AI may be able to improve candidate matching by enabling more comprehensive skills-based assessments that look beyond conventional CV criteria. Perhaps AI-enhanced analysis could become better at identifying people with strong transferable skills even if they lack relevant experience or a ‘typical’ background?
Redesigning and enriching roles
And what about those jobs most vulnerable to AI replacement? There’s an urgent need to promote retraining and upskilling, as well as the redesigning of roles.
As repetitive tasks such as data entry and routine customer enquiries are automated, staff can focus more on exception handling, analysis and other higher-value activities.
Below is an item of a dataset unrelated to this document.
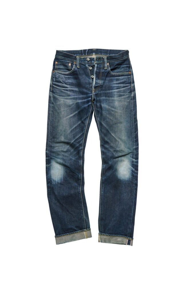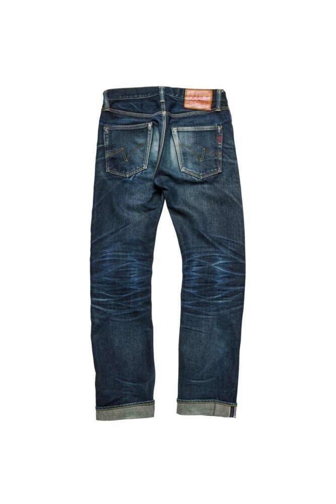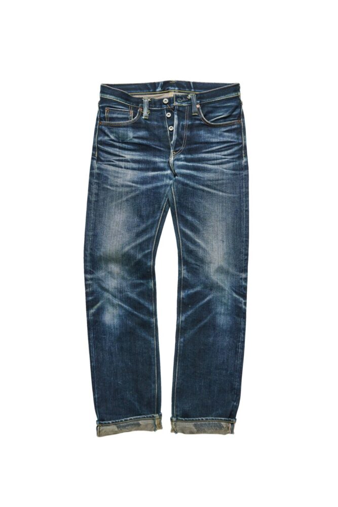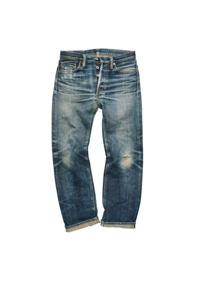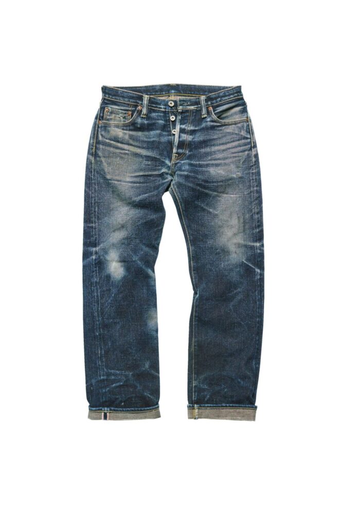 上の634S-18と同素材を使用したスリムストレートはスタイリッシュな着こなしに似合う。細身ゆえに股や膝裏のアタリが出やすく、よりダイナミックな色落ちを味わえる。

That matters in an industry that can struggle to attract talent until the variety and value of the work we do is better understood. However, jobs involving AI-enabled workflows could attract more young people. Training people in traditional and/or transition roles to work with AI in new applications that transform our business would be a logical next step for our in-house Learning and Development Team and the Digital and Data Academy they have created in partnership with our IT function and the wider business.
The challenge is to exploit the technology and govern it responsibly, balancing artificial and human intelligence and widening opportunity, not narrowing it.
My own hesitancy stems from the fundamental concern that we must not build the new structure of work on the flawed foundations of employment practices in the 1980s and before. We must not go back to create the future. Instead, we must always ensure the evolving world of work we help to shape is free of the inequities, disadvantage and harm caused in the past.